Precarização e exploração
Já tô acabando
Outra coisa que dá pra gente ver em Mães de Verdade é a precarização do trabalho das pessoas que estão em “condição de fragilidade”, como costumam falar. Hikari encontra várias mulheres que engravidaram sem poder ter a criança, como ela, e as histórias que elas trazem são muito pesadas. Naomi Kawase tem a sensibilidade de misturar histórias muito tristes com as belíssimas paisagens do Japão, e uma iluminação meio forte. Para mim não é do nada: é uma forma de você conseguir ouvir essas histórias sem sofrer tanto.

Tecnicidades
Mães de verdade junta muito bem a forma de filmar “normal”, com os personagens bem enquadrados, iluminação bem equilibrada e tal, com um aspecto meio “sonhador”, fazendo a iluminação ficar muito forte, mostrando paisagens e tudo o mais. Inclusive, a fotografia que torna uma história que tinha tudo para ser sombria, num filme quente e bem iluminado. a trilha sonora é pouco marcante, mas a edição de som é muito boa. e eu conheço poucos live actions japoneses, mas todo o elenco está ótimo, principalmente Aju Makita interpretando Hikari.
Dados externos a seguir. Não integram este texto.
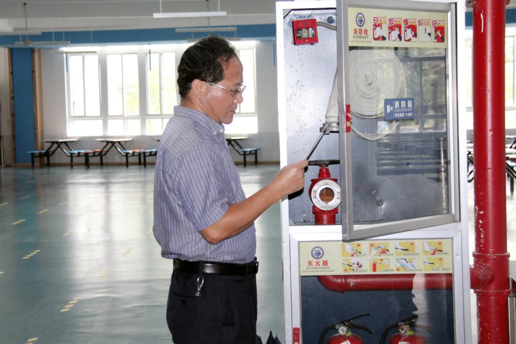 检查组一行先后来到学校北门岗、教学楼、图书馆、国际交流中心、学生食堂、商贸区、学生宿舍、社会培训大楼等区域,重点检查了消防设施、环境卫生、公益广告、垃圾分类等校园安全及文明创建工作开展情况,并对检查中发现的问题提出了整改意见。

Mães de Verdade é um filme lento, mas encarem.

Concluindo
Mães de Verdade fala não só das coisas que eu escrevi aí em cima, mas também de: Quem é a verdadeira mãe? A que pariu? A que está criando? E… porque só uma delas é “de verdade”?
Uma última coisa a dizer é que as cultura pop do japão que eu costumo consumir são animes, mangás, às vezes música. Ver um filme como esses, tão diferente de tudo o que eu estou acostumado a ver, mas ao mesmo tempo tão presente, tão contemporâneo, tão próximo da nossa realidade, foi um belo presente. Ele estreia aqui no Brasil dia 13/05/2021. Então, se tiver a chance, assista!